Properties are name/value pairs that belong to resources. The name of a property can be any term from a namespaced vocabulary. When RDF is generated in response to a request for a resource that contains properties, the RDF will contain triples for each property where the subject of the triple is the resource itself, the predicate of the triple is the property name, and the object of the triple is the value of the property. Property values can be of any valid rdf:type.

rdf:type

Containers are defined by one or more rdf:types that describe the nature of the container. Similarly, every property will be an instance of a single rdf:type. The official definition can be found here.

Resource

Resources are the primary organizational structure in the repository. A resource is any web-addressable entity, such as a container, a nonRdfSourceDescription, or a binary. Every resource is uniquely identified, its identifier representing a repository path. Resources are comprised of zero or more properties and/or child resources.

Tombstone

A tombstone is a repository marker indicating that a container, a nonRdfSourceDescription, or a binary used to exist at a given URL. A tombstone is created when a resource is deleted or moved.

Transactions

A transaction represents a series of changes to the repository that must execute successfully and completely or not at all. Transactions are client initiated and should be used to ensure consistency. Each transaction succeeds or fails as a complete unit; it cannot remain in an intermediate state.

Triple

A triple is a fundamental building block of RDF. It consists of: a subject, predicate, and an object. In this way, a triple can describe a relationship (via the predicate) of the subject to the object. The official definition can be found here.

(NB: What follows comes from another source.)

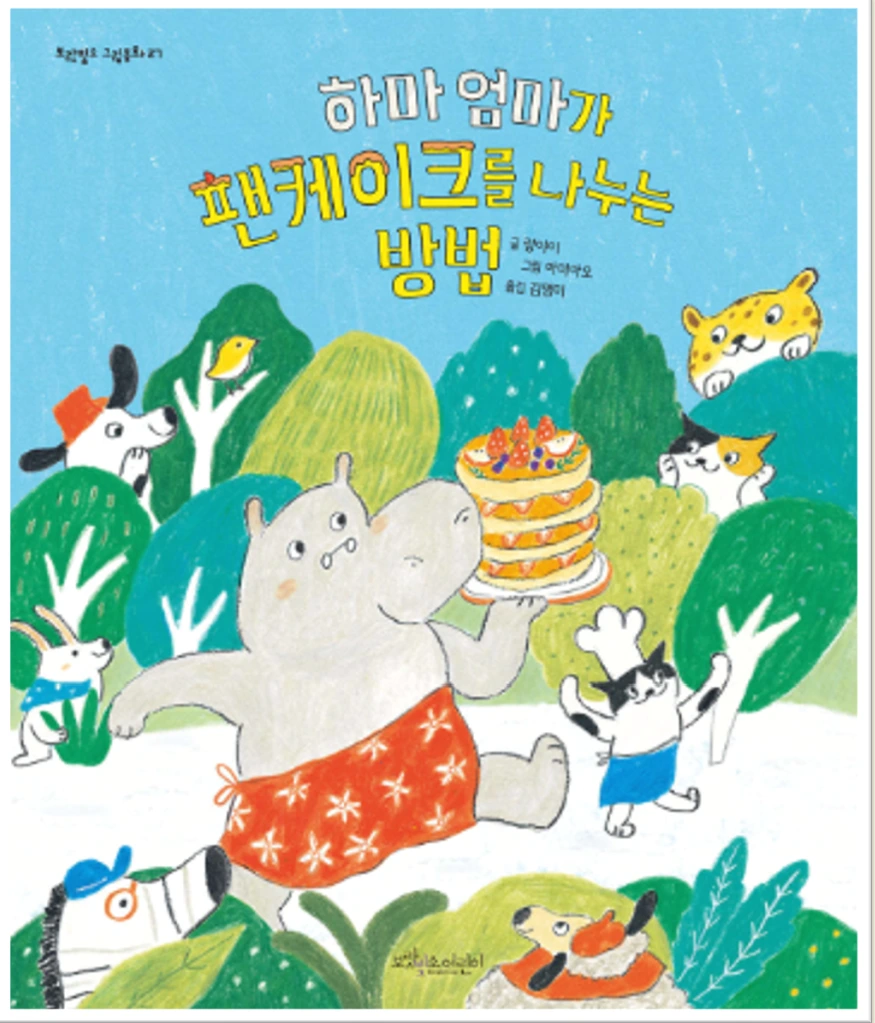 알록달록한 색감이 돋보이는 홍콩작가 량야이의 <하마 엄마가 팬케이크를 나누는 법>(보랏빛소어린이, 2022)은 “하마 엄마가 따끈따끈한 팬케이크를 구웠어요. (..) 숲속 동물들과 두루두루 나누어 먹을 거예요.”라는 첫 장으로 시작된다. 출판사는 이 책을 '나눔과 공정함을 배우는 예쁜 그림책'이라고 소개하고 있다. "모두가 행복해지려면 어떻게 팬케이크를 나누어야 할까요?"라는 질문에서 시작된 하마 엄마의 고민은 다양한 동물들의 등장과 함께 예상치 못한 상황으로 흘러간다.

Uniform resource identifier (URI)

A string of characters used to uniquely identify a resource. It is defined in RFC3986, section 3. An example of a URI would be "http://id.loc.gov/authorities/subjects/sh2002000192".

Universally Unique Identifier (UUID)

A universally unique identifier is a 36 hexadecimal number that is, for all practical purposes, unique (though there is an extraordinarily slight chance of a duplicate identifier being created in the future or already existing). It is used to identify a resource.

Version

A snapshot of a resource that is saved in version history for later access.